Be aware that most package managers (incl. npm) link you directly to a 3rd party's package; meaning you implicitly trust that the 3rd party is going to ensure API integrity; expecting this from small open source builds is ridiculous.

The right way is to either branch the project or copy the code you need; that way you have direct control over API integrity.
 
Last edited:

smb3

Senior Member
Joined
Mar 28, 2006
Messages
894
[)roi(];17328436 said:
Open source license agreements are prohibitive of this.

While you won't get royalties from it, you can still start litigation with the right type of license. Was thinking of a court case like this when I typed it.
 

[)roi(]

Executive Member
Joined
Apr 15, 2005
Messages
6,282
While you won't get royalties from it, you can still start litigation with the right type of license. Was thinking of a court case like this when I typed it.

That's a different situation. Cisco was using open source API as part of their commercial solutions, and did not comply with the terms of the open source license.
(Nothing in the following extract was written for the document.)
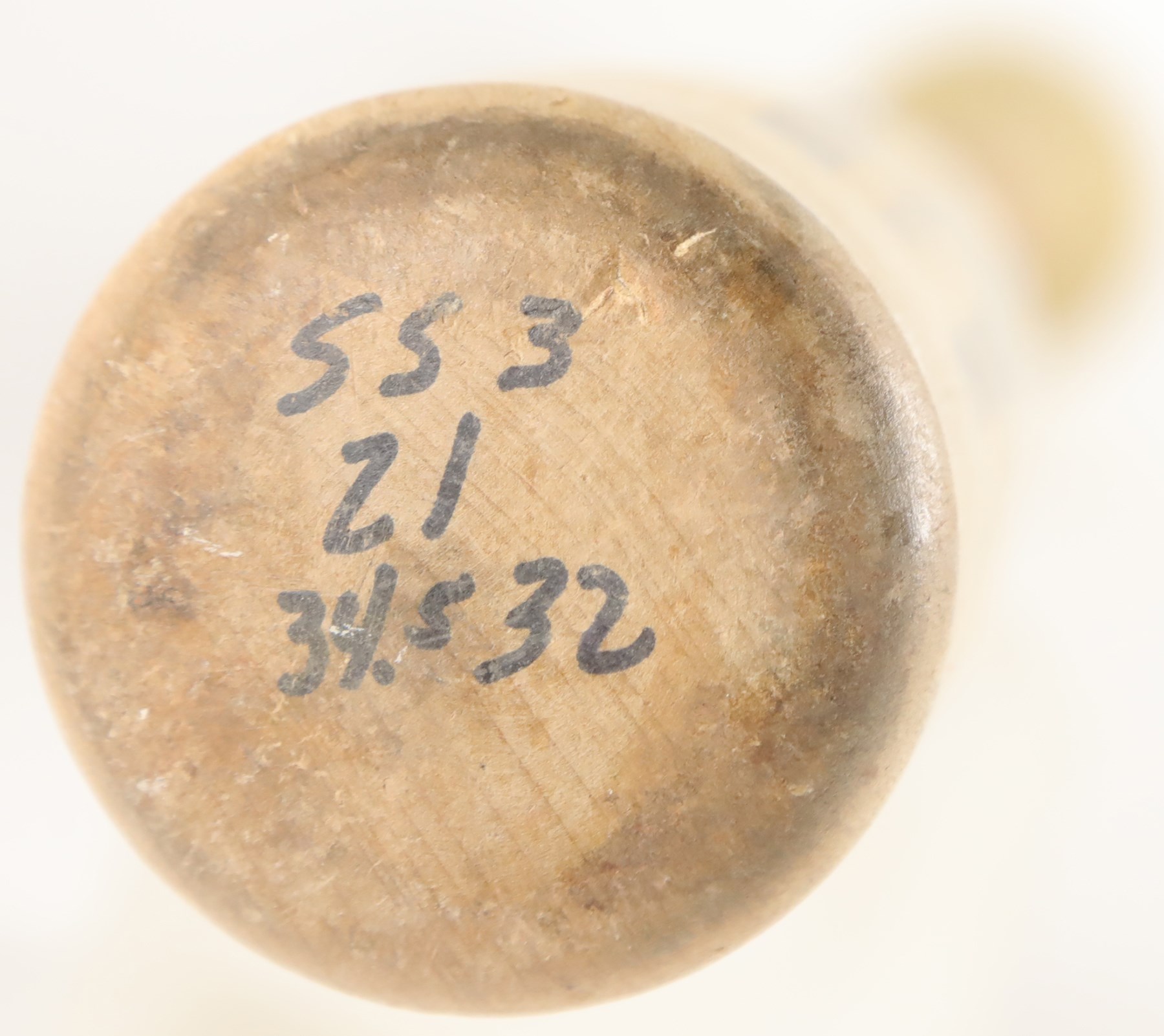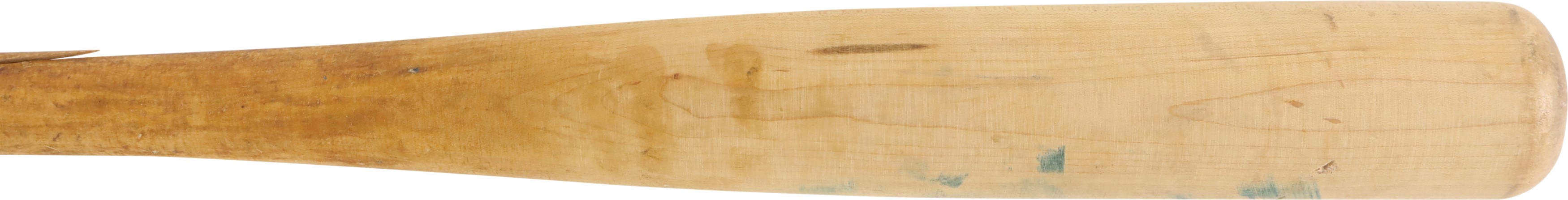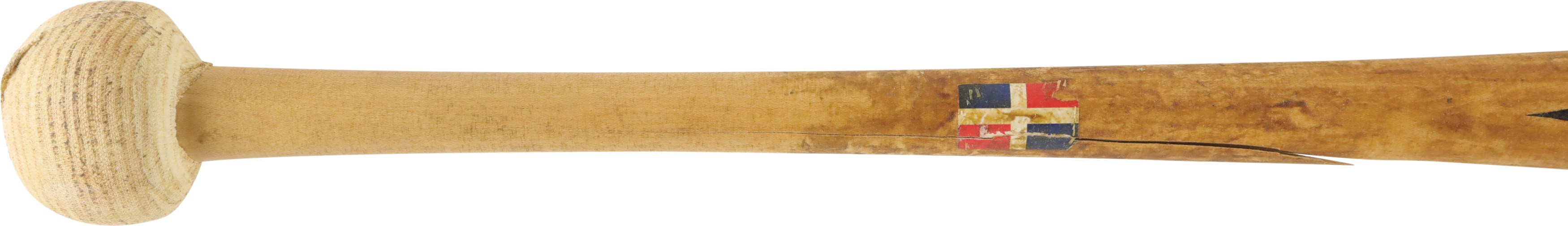 2004 Sammy Sosa Chicago Cubs signed game used bat with inscription. Easton model SS3 maple bat measures 35.25" and weighs 36.2 ounces. Outstanding use is evident including a handle crack, clear ball ink impressions, and pine tar throughout the handle; the pine-tar also covers a stamp or sticker of the flag of the Dominican Republic, which is split through as part of the crack. The knob bears Sammy's distinctive white cloth tape bubble, and written in black marker on the barrel end is "SS3 - 21 - 34.5 32" (note that the last numbers are bat measurements before the addition of the knob tape, as reflected in the LOA). It is autographed between barrel stamp and trademark in crisp 8-9/10 blue Sharpie along with his #21; written below is "Game Used 2004." That 2004 season was the last of Sosa's legendary 13 yrs in the Windy City, during which he accumulated 545 of his 609 career homers. Comes with full LOA from PSA, with the bat earning a grade of PSA/DNA GU 9, and comes with separate PSA LOA for the autograph as well as a Sosa holo.

FSF wasn't fighting for revenue but compliance with the terms of the license.
 

Thor

Honorary Master
Joined
Jun 5, 2014
Messages
44,236
[)roi(];17328452 said:
The point I've been making here is that integral stdlib (standard library) functions should never be used as dependencies, and any frameworks with these dependencies should be either copied or maintained in a separate branch i.e. one that you can control.

Creating direct dependencies is foolhardy as you hinge the integrity of your build directly off a 3rd party that you have no control over.

Be aware that most package managers (incl. npm) link you directly to a 3rd party's package; meaning you implicitly trust that the 3rd party is going to ensure API integrity; expecting this from small open source builds is ridiculous.

The right way is to either branch the project or copy the code you need; that way you have direct control over API integrity.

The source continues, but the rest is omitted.